Re: UHD Titles Worth/Not Worth Upgrading

#101 Post by Finch » Wed Oct 13, 2021 10:22 am

Over at the other forum some people are saying some scenes in Frankenstein such as between the monster and the girl have lost a lot of detail. Can anyone here confirm? On the other hand, I keep hearing great things about The Wolfman and The Invisible Man.

User avatar
jegharfangetmigenmyg
Joined: Wed Nov 16, 2011 7:52 am

Re: UHD Titles Worth/Not Worth Upgrading

#102 Post by jegharfangetmigenmyg » Wed Oct 13, 2021 11:09 am

It could be the good old "looking at screen captures, comparing and concluding that UHD is tõo dark and details are lost", and thus not understanding HDR, and not understanding that it cannot be judged from screen captures. It is clear on Caps-a-holic that it is darker, but it is not possible to tell anything about before viewing the disc itself on a proper setup: https://caps-a-holic.com/c.php?d1=16607&d2=16606&c=6263


User avatar
jegharfangetmigenmyg
Joined: Wed Nov 16, 2011 7:52 am

Re: UHD Titles Worth/Not Worth Upgrading

#104 Post by jegharfangetmigenmyg » Wed Oct 13, 2021 4:45 pm

Looks like edge enhancement on the blu-ray.

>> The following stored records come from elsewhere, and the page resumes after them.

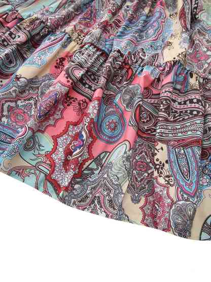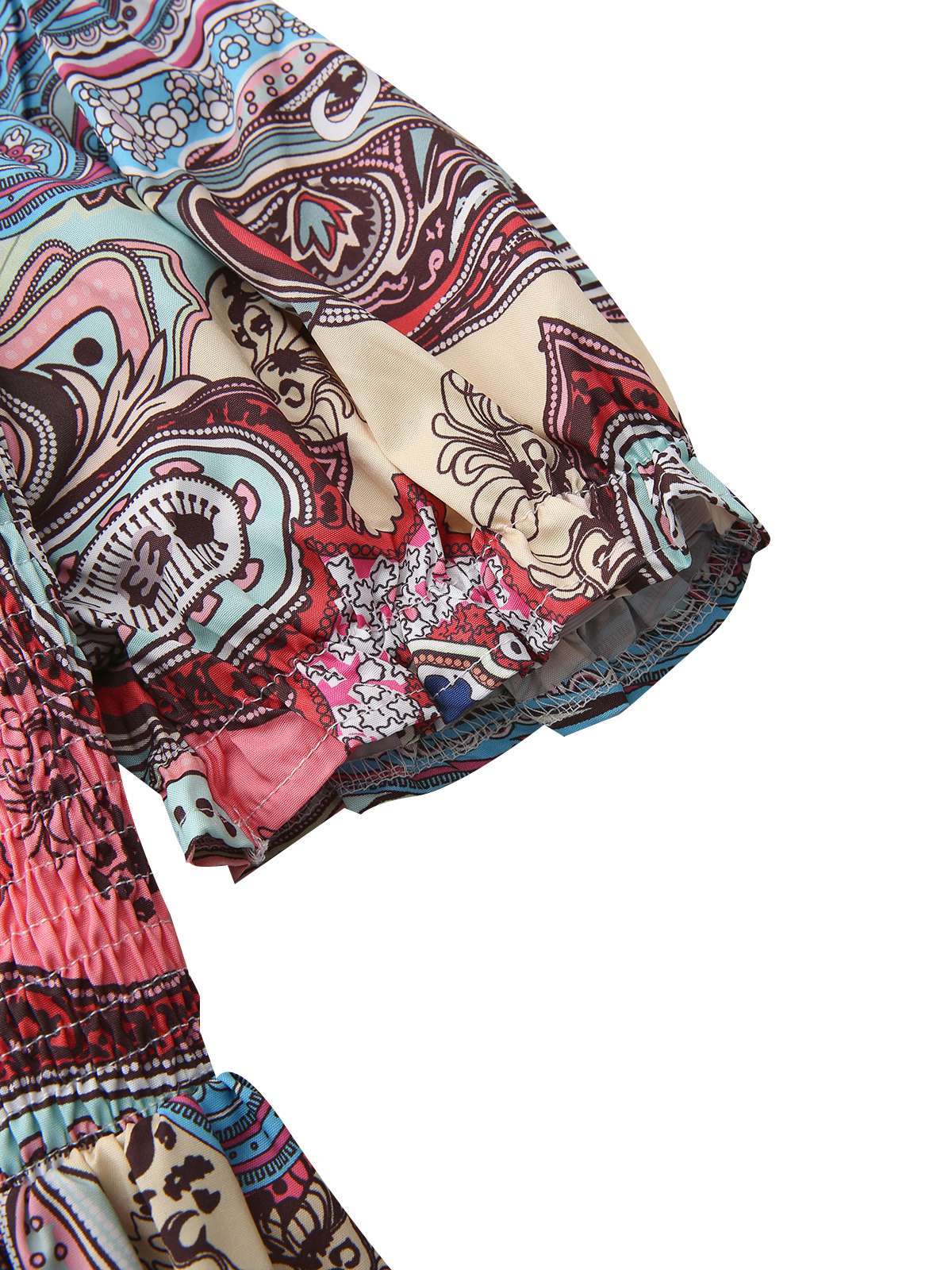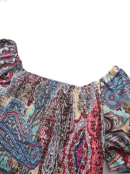 Multicolor 1970s Boho Paisley Print Smocked Puff Dress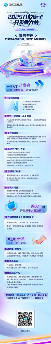 2025年11月21日至22日,2025开放原子开发者大会将在北京亦庄·北人亦创国际会展中心隆重举行。本届大会以“AI共治,开源共享”为主题,由开放原子开源基金会主办,汇聚全球顶尖开发者、企业技术领袖、社区核心贡献者与高校科研力量,通过主题演讲、分论坛技术演讲、赛事路演、互动展示等多元形式,打造一个引领技术潮流、激发学术碰撞、凝聚开源社区智慧的开源技术交流平台。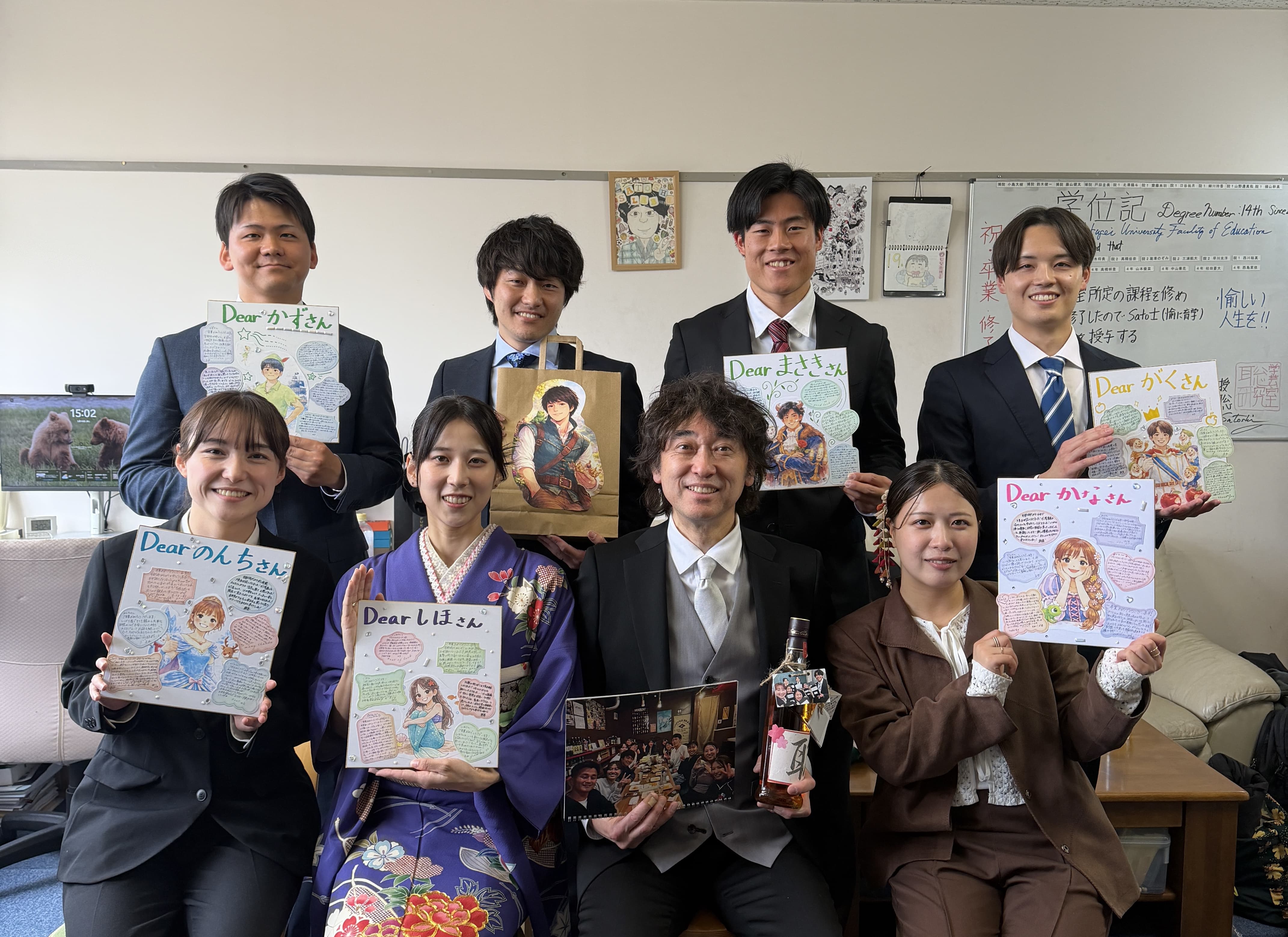 今年も8名の4年ゼミ生が研究室を巣立ちました。卒論がとても面白く、しっかりと仕上がっています。学大での学びをこれからに生かしてください。おめでとうございます。応援しています!

That's weird.

User avatar
EddieLarkin
Joined: Sat Sep 08, 2012 10:25 am

Re: UHD Titles Worth/Not Worth Upgrading

#105 Post by EddieLarkin » Wed Oct 13, 2021 5:36 pm

Yeah, The Wolf Man Blu-ray was badly sharpened and wasn't remotely up to the standard of the other Universal Monsters discs.

User avatar
DarkImbecile
Ask me about my visible cat breasts
Joined: Mon Dec 09, 2013 6:24 pm
Location: Albuquerque, NM

Re: UHD Titles Worth/Not Worth Upgrading

#106 Post by DarkImbecile » Fri Oct 15, 2021 11:02 am


User avatar
therewillbeblus
Joined: Tue Dec 22, 2015 3:40 pm

Re: UHD Titles Worth/Not Worth Upgrading

#107 Post by therewillbeblus » Fri Oct 15, 2021 11:10 am

Quite a few of my Kino Lorber discs feature incorrect runtimes and credits on the back, but still retain decent quality image and sound!

User avatar
captveg
Joined: Wed Sep 02, 2009 7:28 pm

Re: UHD Titles Worth/Not Worth Upgrading

#108 Post by captveg » Fri Oct 15, 2021 2:52 pm

The people who author the discs and the people who do the packaging art never truly work with each other at the major studios. They are often in wholly different departments and communication between them is spec-based at best. Without proof-readers mistakes like this are bound to slip through on the packaging side. It rarely is a reflection of the quality of the disc authoring, if ever.

User avatar
MichaelB
Joined: Fri Aug 11, 2006 6:20 pm
Location: Worthing
Contact:

Re: UHD Titles Worth/Not Worth Upgrading

#109 Post by MichaelB » Fri Oct 15, 2021 3:29 pm

Maybe they do it differently in the US, but that’s not my experience at all - with every British label I’ve worked for, the project producer is ultimately responsible for signing off on all printed materials.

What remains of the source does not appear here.